Publicado originalmente en Contexto el 7 de Febrero de 2023
Un llamado para que la política y los políticos “vivan y dejen vivir”.
Vivimos en un tiempo de moralización de la política. Las causas más relevantes de la agenda pública occidental como el feminismo, la igualdad y la transición energética –para mencionar las más mediáticas– son respuestas a problemas políticos percibidos ante todo como profundamente inmorales y contra los que hay que luchar colectivamente. Así, el feminismo se afinca en la idea de que el machismo es inaceptable; la igualdad es la contracara normativa del capitalismo clientelista, del racismo, la xenofobia y la discriminación; y la transición energética ha devenido en una batalla contra el cambio climático.
Moralizar la política tiene muchas ventajas: concientiza, moviliza y enfervoriza. Es consecuencia, por demás, de nuestra evolución moral como especie y de la mala prensa que tiene hoy en día el realismo político. Pero tiene también varias desventajas. Tres de ellas son: que las políticas públicas adquieren visos de cruzadas; que sus protagonistas se ven a sí mismos como redentores; y que la indignación se convierte en la emoción predominante de lo intolerable.
Las políticas públicas como cruzadas
Enseñaba Carl Schmitt que si la política se caracteriza por la distinción amigo-enemigo, la moral se define por las categorías bueno-malo. Luego, un primer efecto que tiene la moralización de la política es que los fines políticos no solo se conciben como deseables o posibles sino como buenos en sí mismos. Y al revés, lo inconveniente o perjudicial es al mismo tiempo lo malo. Es innegable que hay actos o políticas que suscitan un legítimo repudio moral: el genocidio, la violencia contra mujeres y niños, la trata de personas o la discriminación, es decir, aquello que vulnera directamente la dignidad humana.
Sin embargo, en las últimas décadas se ha difuminado la línea divisoria entre la política y la moral.

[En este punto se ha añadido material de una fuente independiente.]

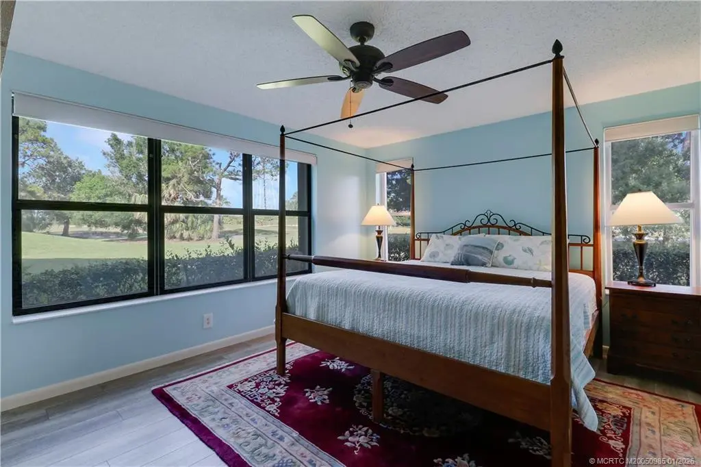 Best View in the community and a 1st FLOOR UNIT IN A 2 STORY CONDO! TRUCKS OK Spacious 2BR/2BA + Office in Martin Downs Country Club offers beautiful views of the golf course from the specious screened patio. Primary suite features a large Br, walk-in closet, updated bathroom, and luxury Plank vinyl flooring. Kitchen boasts stylish updates with blue tile countertops & tasteful backsplash. The living area and office are enhanced by elegant cream-colored tile, custom shades and blinds throughout. Membership options, including The Village Club, offering access to a pool, pickleball, & dog park. Memberships: Martin Downs CC and Banyan Creek Golf Club. Minutes to I-95, Turnpike, beautiful beaches, golf courses, charming downtown Stuart & Palm City. Included in the HOA, Insurance, maintenance for building and roof and positive reserve fund.

De allí que las sociedades contemporáneas estén polarizadas y profundamente divididas entre quienes conciben una política, un hecho o un personaje como esencialmente bueno y quienes conciben exactamente lo mismo como abominable sin más. En unos y otros brilla por su ausencia los matices, el gradualismo y ni qué decir, la autocrítica.
Así, un primer efecto de la moralización de la política es que esta pasa de lo posible a lo necesario, de lo gradual a lo acelerado, de lo elegible a lo imprescindible. Y entendida así, la política no solo busca ordenar, agenciar o representar, sino transformar y moralizar, es decir, convertir.
Que la política se haya moralizado explica, en parte, la omnipresencia de la indignación como emoción política predominante, especialmente en las redes sociales.
Funcionarios redentores
Durante la pandemia fuimos testigos del carácter redentor que asumieron los tomadores de decisiones. “Estamos salvando vidas”, decían, con la convicción de sacerdotes o pastores de una grey extraviada. Daba igual si lo que anunciaban eran restricciones inútiles y autoritarias o las fases del plan de vacunación.
Pues bien, lo que parecía una excepción parece haberse convertido en regla. Y así, vemos funcionarios que anuncian que los planes de gobierno se cumplirán “pase lo que pase”, que piden que solo “los dejen trabajar”, o que nos notifican que “la decisión sobre la política pública X ya está tomada” (duélale a quien le duela, parecen insinuar). Por eso, también, reciben las críticas como ataques: padecen del síndrome de genios incomprendidos o aún peor: de redentores colectivos que proclaman la verdad. Tampoco es casualidad que en el poder asuman el tono de predicadores del Edén y sus opositores el de profetas del Apocalipsis. Unos y otros parecen creer fervientemente que solo ellos y sus recetas nos pueden salvar.
La indignación incansable
Que la política se haya moralizado explica, en parte, la omnipresencia de la indignación como emoción política predominante, especialmente en las redes sociales, esos areópagos del mundo contemporáneo en el que todos hablan y casi nadie escucha, y en el que, por supuesto, siempre quedamos del lado correcto: el de los indignados y ofendidos.
Explica también el catastrofismo como recurso retórico de los políticos, tanto en campaña como en el gobierno. “Si no hacemos X (porque nunca es X, Y o Z), sucederá lo peor”. Y así, lo inconveniente o contraproducente –categorías modestas de la política– deviene en lo inaceptable que merece total repudio y más.
La política convertida en la pasarela de quienes creen que gobernar es demostrar que tienen la razón está degradando la vida cívica al convertir el debate público en un fatigante choque de intransigencias. Desmoralizar la política o repintar la línea divisoria de ambas debería ser un propósito colectivo. Es la única forma de que la política y los políticos queden reducidos a sus justas proporciones. O dicho de otro modo, que vivan y dejen vivir.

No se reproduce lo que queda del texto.